** Opening Task input block **

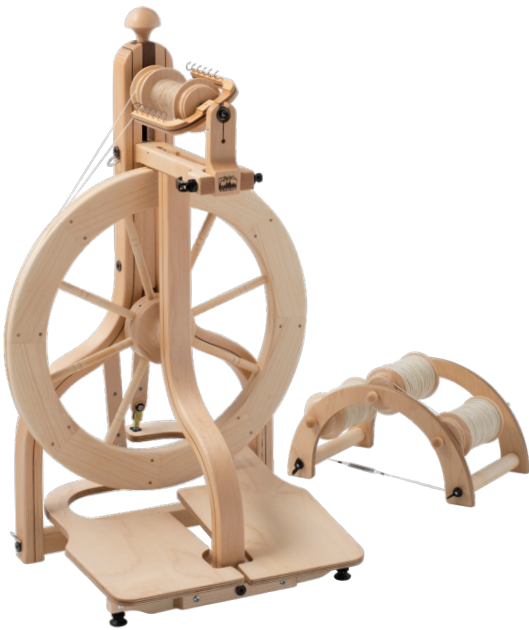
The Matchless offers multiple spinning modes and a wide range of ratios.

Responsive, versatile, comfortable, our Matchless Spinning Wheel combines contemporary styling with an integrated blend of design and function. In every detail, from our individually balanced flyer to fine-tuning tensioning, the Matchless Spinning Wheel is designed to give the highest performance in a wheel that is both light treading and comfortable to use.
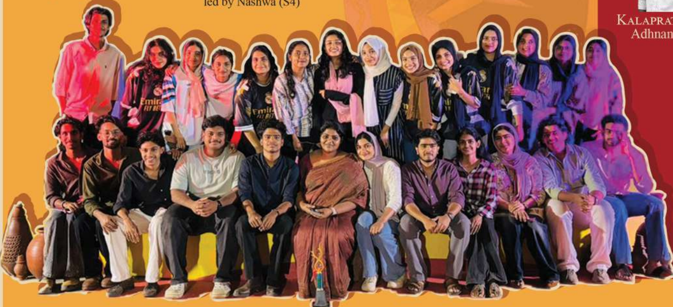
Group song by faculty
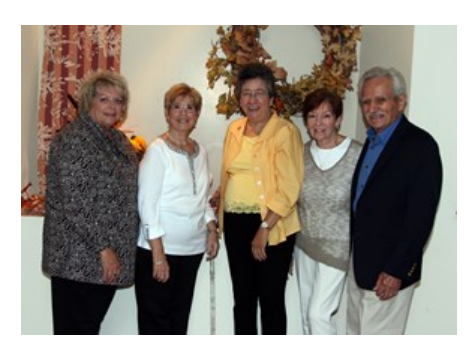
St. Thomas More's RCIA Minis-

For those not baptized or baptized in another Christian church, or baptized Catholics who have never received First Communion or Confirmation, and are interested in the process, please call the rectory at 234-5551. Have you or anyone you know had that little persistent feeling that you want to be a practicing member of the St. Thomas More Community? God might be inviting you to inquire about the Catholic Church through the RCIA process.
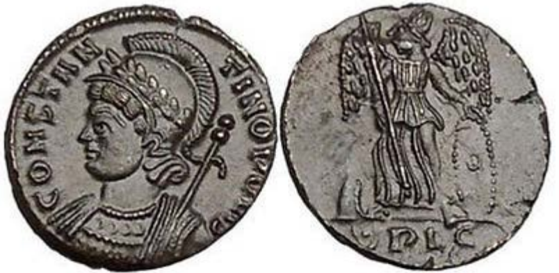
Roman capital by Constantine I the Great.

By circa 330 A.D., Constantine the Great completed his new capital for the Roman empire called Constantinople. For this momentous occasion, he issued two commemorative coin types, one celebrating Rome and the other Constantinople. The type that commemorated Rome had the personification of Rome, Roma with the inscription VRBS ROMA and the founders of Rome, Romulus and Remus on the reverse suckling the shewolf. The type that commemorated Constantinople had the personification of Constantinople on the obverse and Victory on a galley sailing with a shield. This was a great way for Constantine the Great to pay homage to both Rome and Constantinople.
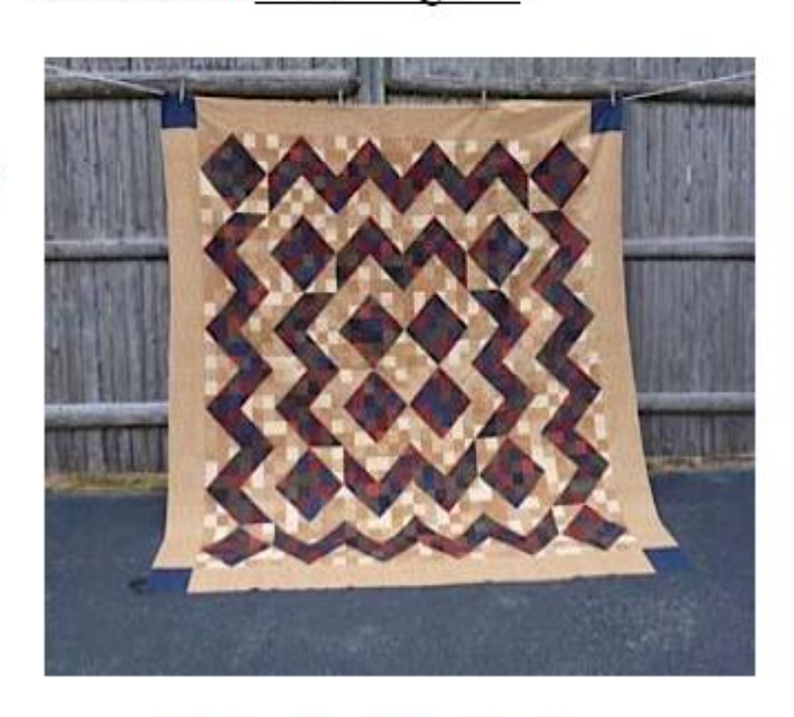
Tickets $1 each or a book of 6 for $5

** Closing Task input block **

Problem requirements:
Drop the pictures; return the lines above from the line containing "Group song by faculty" to the line containing "St. Thomas More's", both included, exactly.

Output of the exercise:
Group song by faculty
St. Thomas More's RCIA Minis-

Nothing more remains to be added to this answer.